§ Source material
=-=-=-=-=

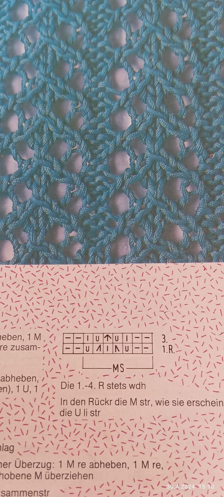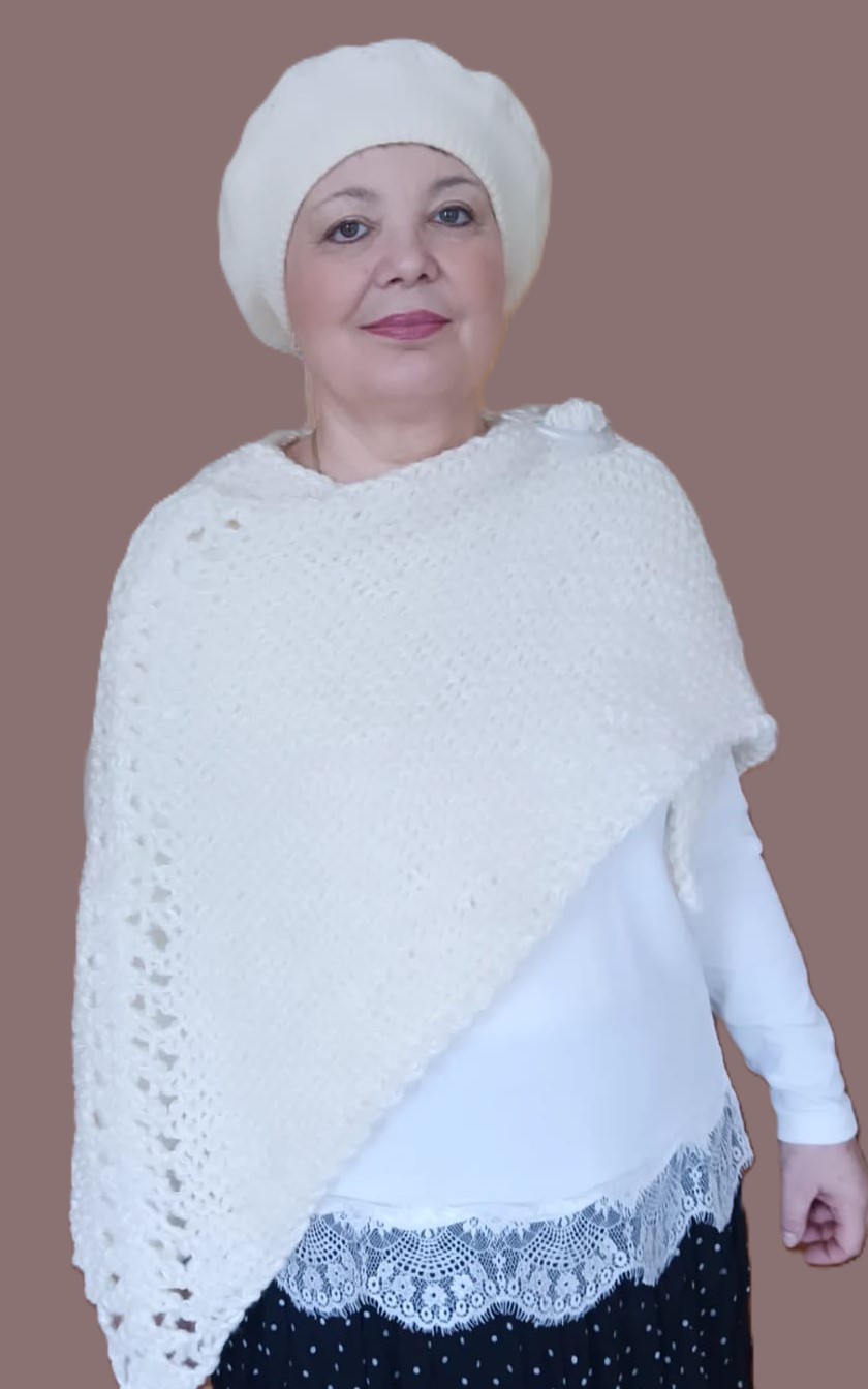 Šátek je upletený z hřejivé příze Stenli Brooklyn. Budeme potřebovat 4 klubka příze. Na kruhovou jehlici č.12 nahodime 7 ok, která upleteme 1 hladce, 5 obrace, 1 hladce. Nyní pleteme v lícové řadě 1 oko hladce, 5 ok ažurovým vzorem, 1 oko hladce. Šátek rozšiřujeme nahozením v lícové řadě vždy za 1. okem a před posledním okem, tato nahození pleteme v rubové řadě hladce anglicky. Poznámka: 1. oko a poslední oko pleteme v lícové a rubové řadě vždy hladce. Pravou a levou stranu pleteme rubovým žerzejem - líc i rub hladce, prostředních 5 ok tvoří ažurový vzor. V celkové výši oka volně ujmeme.
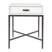 Sleek and refined, the Nessa bedside table is available in a playful myriad of finishes to suit your bedroom or living room. Featuring a lacquered crisp white finish sitting atop a minimalist black powder coated tapered metal frame and coordinating drawer pull adds an element of charm to this petite single drawer bedside table.
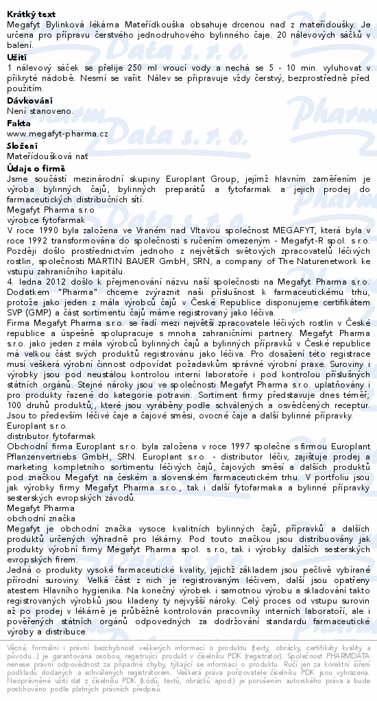 | Výrobce: | MEGAFYT PHARMA S.R.O. , VRANÉ NAD VLTAVOU |

=-=-=-=-=

§ Problem to solve
Only the lines from the one containing "Sleek and refined, the" through the last line of the data above, both included, belong in the reply, each restated exactly and without pictures.

§ Exercise response
 Sleek and refined, the Nessa bedside table is available in a playful myriad of finishes to suit your bedroom or living room. Featuring a lacquered crisp white finish sitting atop a minimalist black powder coated tapered metal frame and coordinating drawer pull adds an element of charm to this petite single drawer bedside table.
 | Výrobce: | MEGAFYT PHARMA S.R.O. , VRANÉ NAD VLTAVOU |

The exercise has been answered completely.